DevOps CI/CD Infrastructure

DevOps best practices are well-documented, but this guide goes beyond the point where those practices start to create new problems, specifically covering how infrastructure state is managed as teams and environments grow.

TL;DR
$ cat devops-best-practices.tldr
• DevOps brings together development and operations disciplines to shorten release cycles and improve reliability.
• The core DevOps practices (version control, continuous integration or CI, continuous deployment or CD, automated testing, IaC, and monitoring) form the foundation most teams build on.
• These practices are increasingly standard, the differentiator now is how well they hold together at scale.
• IaC and state management are where many teams hit a ceiling: the practices are sound, but the underlying tooling was never designed for the concurrency and complexity of modern infrastructure.
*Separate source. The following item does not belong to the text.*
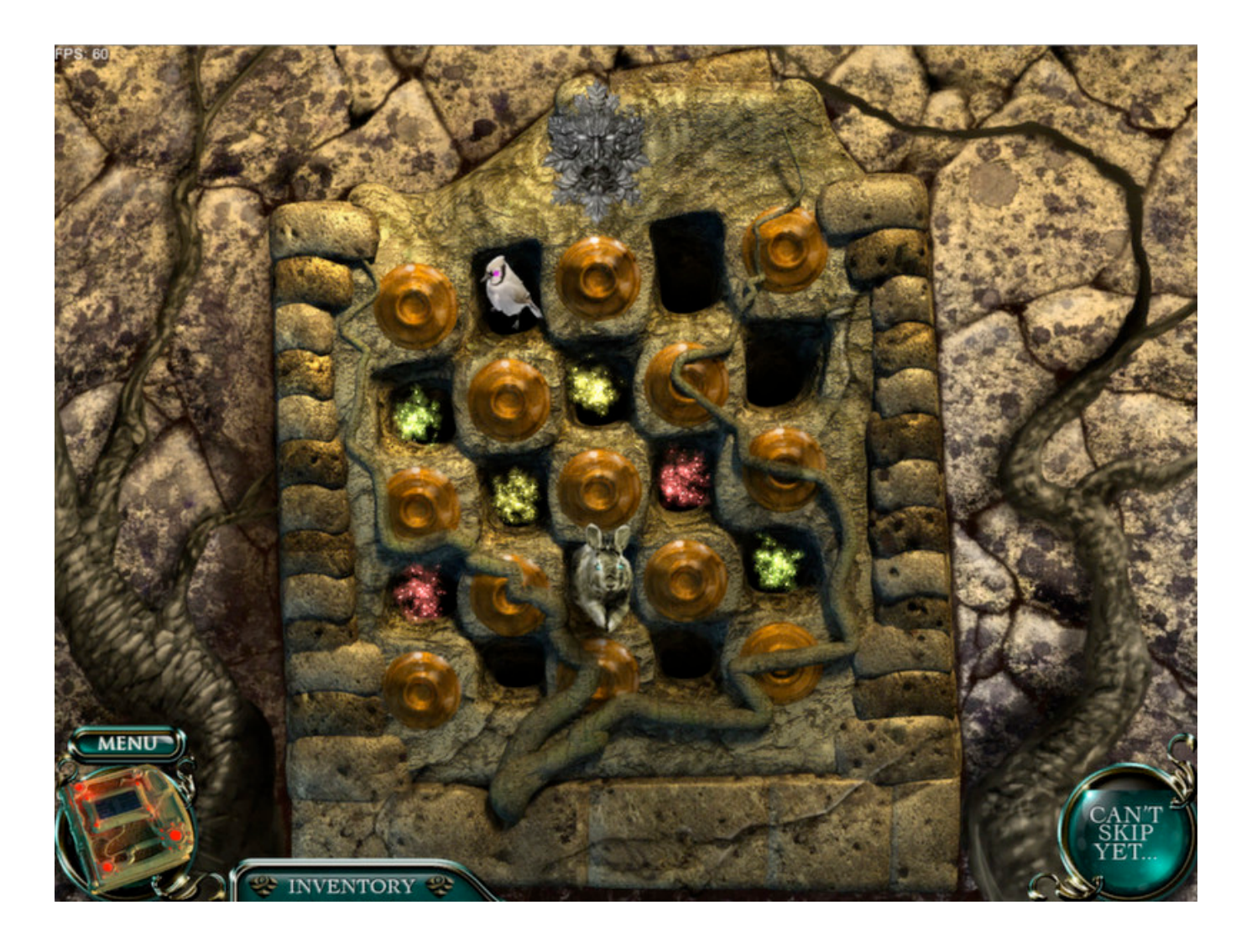
Empress Of The Deep 2: Song Of The Blue Whale Download Exe File

DevOps brings development and operations teams into the same operating model, with shorter release cycles, tighter feedback loops, and shared responsibility for reliability.

The core DevOps practices are no longer controversial. Version control, continuous integration, continuous delivery, continuous deployment, automated testing, infrastructure as code, and monitoring and observability form the foundation most software teams are trying to build on.

Adoption is not the differentiator anymore. Redgate's 2026 State of the Database Landscape survey found that 64% of organizations are struggling to apply consistent practices across environments as estates become more complex, even as fewer organizations report managing more than five databases.

Bar chart from Redgate's State of the Database Landscape survey showing how many database platforms organizations use across 2023, 2024, and 2025, with the more than five category falling from 29% to 8%.

The pressure has shifted from sheer database count to the harder problem of keeping practices consistent across environments, teams, platforms, and workflows.

The ceiling usually appears where CI/CD and infrastructure as code meet shared state. Your DevOps best practices are sound, but file-based Terraform state, global locking, drift detection, and weak infrastructure-layer visibility create coordination problems that your original workflow was never designed to absorb.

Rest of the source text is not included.